> **WHAT TO PRODUCE**
Reproduce exactly the lines below, starting at the line that contains "The Concealed Carry" and ending with the last line of the records, both included; leave out any pictures.

===

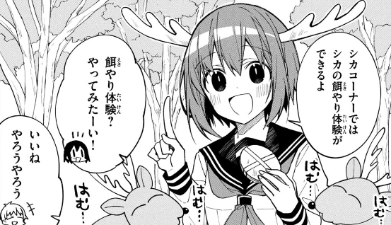 シカ部の廃部を目論む生徒会副会長の猫山田根子(ねこやまだ ねこ)さん。偵察のため新入部員になりすましてシカ部に潜入するのですが、そこで猫山田さんが目にした、シカ部が行っているシカ練の内容とは?
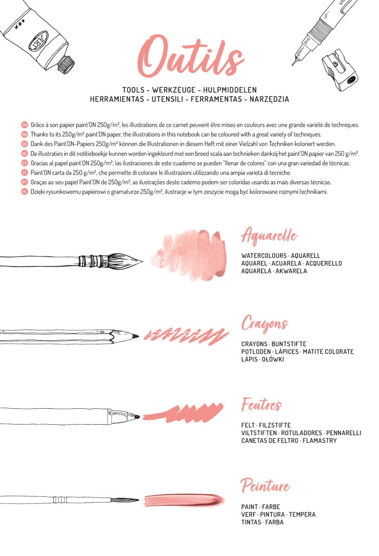 – tylna okładka ze sztywnej tektury, aby ułatwić kolorowanie w podróży lub plenerze
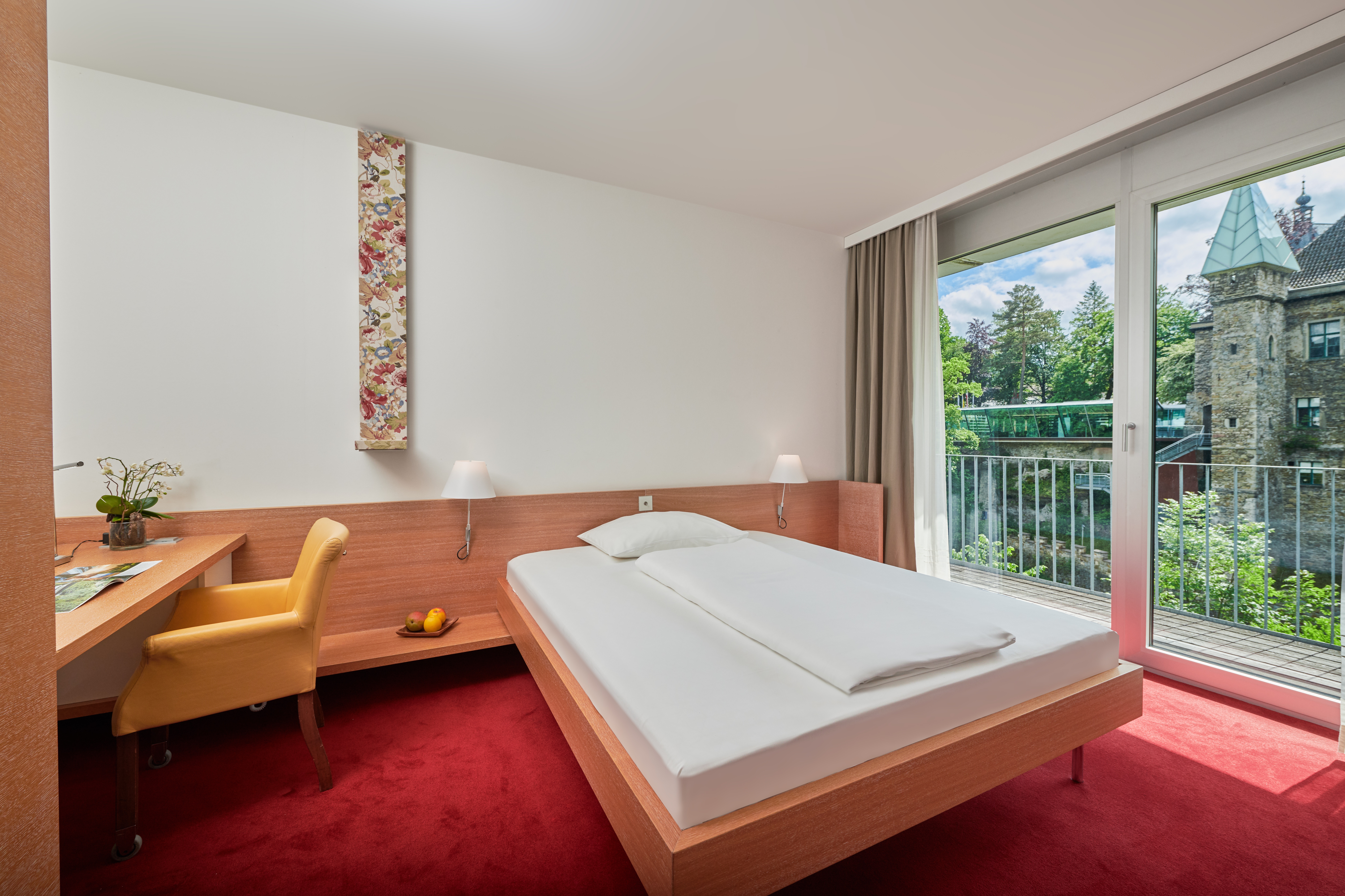 Zimmer in Waidhofen an der Ybbs mit Ausblick auf die kristallklare Ybbs und das mittelalterliche Rothschildschloss. Entlang des Felsens zur Ybbs thronen moderne Ybbszimmer mit geradlinigem Interieur.
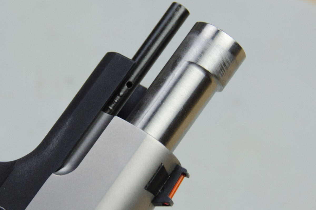 The Concealed Carry Contour EMP has a bushingless bull barrel that mates directly to the slide. It also features a guide rod.
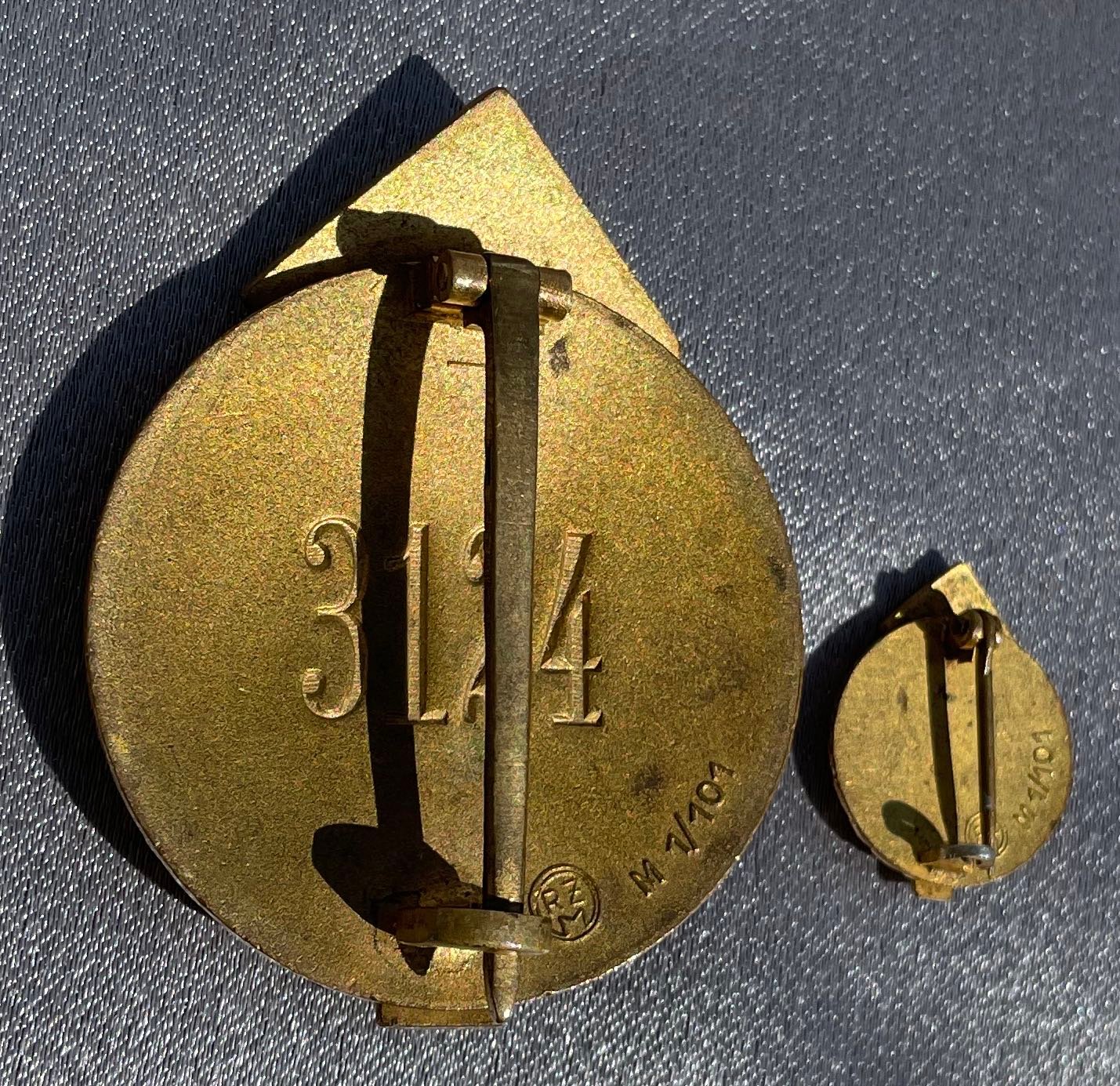 HJ Leader Sports Badge in Gold, numbered 3124, with miniature, both marked RZM M1/101

===

> **RESULT FOR THIS TASK**
 The Concealed Carry Contour EMP has a bushingless bull barrel that mates directly to the slide. It also features a guide rod.
 HJ Leader Sports Badge in Gold, numbered 3124, with miniature, both marked RZM M1/101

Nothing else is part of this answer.